In [None]:
from DataLoader import (
    config,
    loader
)

from copy import deepcopy

import pandas as pd
import numpy as np

import matplotlib.pyplot as plt
import seaborn as sns

from sklearn.preprocessing import MinMaxScaler
from sklearn.decomposition import (
    TruncatedSVD,
    PCA
)
from sklearn.metrics import (
    mean_absolute_error,
    mean_squared_error
)

import pmdarima as pm
from statsmodels.tsa.arima.model import ARIMA

Read and transfrom

In [None]:
data_path = '../data/raw/month_csv_acceleration.csv'
df = pd.read_csv(data_path, skiprows=config.COUNT_SKIP, sep=';')

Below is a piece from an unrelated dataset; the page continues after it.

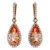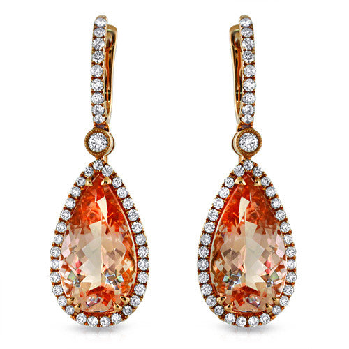 Fall in love with these Flawless Pear Shaped Morganite stone with incredible round diamonds on the side and lever backing. Complimented very well in 18k rose gold setting.

df = loader.fill_empty(loader.transform_header(df))
splitted = loader.split(df.columns[1:])
group = loader.group(splitted, df)

TKEO: $\psi [x(n)] = x^{2} (n) - x(n + 1)x(n - 1)$

In [None]:
def tkeo_operator(data, k = 1):
    """ 
    Teager-Kaiser Energy operator
    """
    npnts = len(data[0])
    nsignals = len(data)
    filt_data = deepcopy(data)
    for i in range(nsignals):
        for n in range(k, npnts-k):
            filt_data[i][n] = data[i][n]**2-data[i][n-1]*data[i][n+1]
    return filt_data

def normilize(signal: np.ndarray):
    """
    MinMaxScaler + Teager-Kaiser Operator + Scaler
    """
    # scalers = [MinMaxScaler, StandardScaler]
    scaler = MinMaxScaler(feature_range=(0, 1))
    signal = scaler.fit_transform(signal)
    print(f'norm1 max: {signal.max()}, min: {signal.min()}')
    signal = tkeo_operator(signal)
    print(f'tkeo max: {signal.max()}, min: {signal.min()}')
    signal = scaler.fit_transform(signal)
    print(f'norm2 max: {signal.max()}, min: {signal.min()}')
    return signal


In [None]:
# len(dict['Н'][key]) // 2 - number of signals, 
# [-len(dict['Н'][key]) // 2:] - select signals
sns.lineplot(normilize(group['Н']['ПЗН'][-1].reshape(-1, 1)))
plt.title('Normilized signal')

In [None]:
tmp = pd.concat([df['date'], pd.DataFrame((normilize(group['Н']['ПЗН'][-1].reshape(-1, 1))))], axis=1)
sns.lineplot(tmp.groupby(tmp.date.dt.floor('d'))[0].mean())
# Plot params
plt.xticks(rotation=90)
plt.legend(labels=['acceleration_day'])
plt.title('Compressed by day')
# Only 28 data points

In [None]:
expanded = pd.DataFrame(tmp.groupby(tmp.date.dt.floor('h'))[0].apply(list).tolist()).ffill(axis=1)
# expanded[expanded.isna().sum(axis=1) == expanded.shape[1] - 1]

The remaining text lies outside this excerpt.